Casa Grande beats Petaluma, 22-7


PETALUMA — By his standards, Nick Sherry wasn’t his dominant self Friday night. Casa Grande’s quarterback was 13 of 21 for 133 yards, two touchdowns to go along with two interceptions. He was effective at times, other times he wasn’t. Not that the look on his face after the game reflected any of that. He was wearing that Egg Bowl smile.

Petaluma's Adam Nizibian gets called for pass interference while defending against Casa's Makana Garrigan in the second quarter of the Egg Bowl on Friday. (Scott Manchester / For The PD)

“This is a game I’ll remember for the rest of my life,” said the Colorado-bound senior. “I could care less about my numbers. It’s the Egg Bowl. We have it.”

Casa Grande outlasted Petaluma, 22-7, in the 37th meeting of the crosstown rivals in a game that, for the most part, had Petaluma, now 1-6, playing Casa, now 5-1, even.

“The score didn’t seem 22-7 to me,” said Petaluma coach Rick Krist.

“You made it interesting,” I said.

“Yeah, and that seems to be the story of our season,” Krist replied.

Casa may be emerging as the SCL favorite, but it will walk away from this Egg Bowl knowing that there may never be more of a misleading record than the 1-6 that Petaluma possesses.

“We had our chance, and I know people didn’t give us much of a chance,” Krist said. “But my guys never quit. I am so proud of them. Just like what happened on the first play of the game.”

Casa’s Javonie Oden took the opening kickoff and returned it 85 yards to the Petaluma seven. Two incomplete passes later, Sherry found Makana Garrison in the end zone. Groan, that was the sound that came from the Petaluma grandstand. The rout was on.

No it wasn’t. It took 11 plays and 66 yards, but Petaluma’s Patrick Hodges stuffed it over from the eight and with 6:35 left in the first quarter, the game was tied and, more important, the Trojans had answered the Gauchos. That it was Petaluma’s only score of the game was more of a fact of frustration for Krist.

Petaluma reached Casa’s 24 in the second quarter, but Casa’s Anthony Poole intercepted Petaluma’s Spencer Neve. Petaluma reached the Casa 18 just before half, but the drive stalled.

Petaluma had a first and goal at the Casa 8 with four minutes left in the third quarter, but a stout Casa put together a memorable goal-line stand. Later in the third quarter, Petaluma had a first-and-10 at the Casa, courtesy of a partially blocked punt. Again the Gaucho defense held, and Patrick Rabbitt’s 35-yard field goal was wide right.

Yes, the Trojans had their chances. Casa Grande, to counter, had just enough. Sherry threw a nine-yard touchdown to Poole with 3:55 left before the half, that coming after a first-quarter Casa sack of Neve for a safety.

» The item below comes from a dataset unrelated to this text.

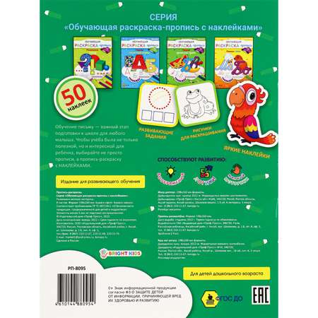 Раскраска-пропись с наклейками Bright Kids Обучающая Тренажер Пишем прописные буквы А4 8 листов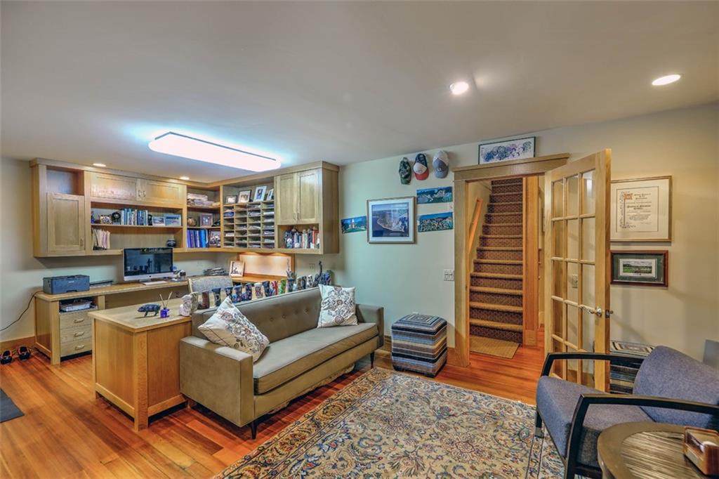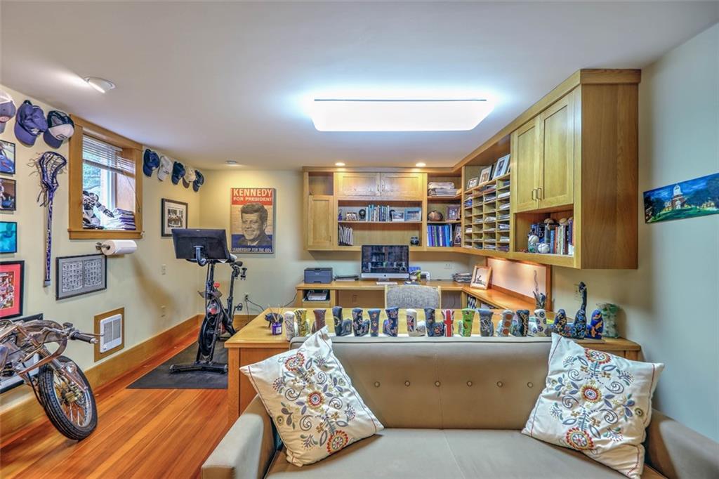 The kitchen opens to a deck through sliding doors leading to a fenced yard area. A side entrance with half bath and laundry, and a small mudroom area provide easy access to the garage and driveway. With four bedrooms, one located on the first floor with its own bath, and a study which could also serve as an additional bedroom, there is ample room for each member of the family to have their own space. Another laundry area on the second floor provides modern day ease and flexibility. Besides plenty of storage in the basement, a custom-built office and playroom, an additional half bath and walk-out to the lower yard adds to the functionality of this home. Central air, updated mechanicals, a two-car detached garage and a driveway offering space for 3-4 cars. Don’t miss out on this opportunity to live in Providence, close to universities, great restaurants and shopping.

Michael Lelmorini nailed the game shut with a three-yard run with 6:03 left in the game.

At the end of the game, Casa students rushed the field to cries of “Egg Bowl! Egg Bowl!” and no one felt the victory any more deeply than Casa coach Trent Herzog. The trophy was back on the east side of town after a two-year absence. And it literally meant the world to Herzog.

“I have such respect for the Petaluma program,” Herzog said, “that I’d rather go 1-9 with that one win over Petaluma than go 9-1 with that one loss to Petaluma. To me this is like Cal and Stanford, or like the old 49er-Rams rivalry. It means that much to me.”

And it means Casa is one step closer to a goal that might rival or even surpass winning the Egg Bowl.

“We want the NCS (North Coast Section),” Sherry said. “That’s our goal.”

And Friday night, the way Casa and Sherry would like to look at it, the NCS trophy would make a nice bookend with the Egg Bowl one. Winning is framed by perspective, and Casa’s players beating the Petaluma players, the ones that had played together on the same team in youth football here, offers a clear perspective. Nothing is as satisfying as beating your friends.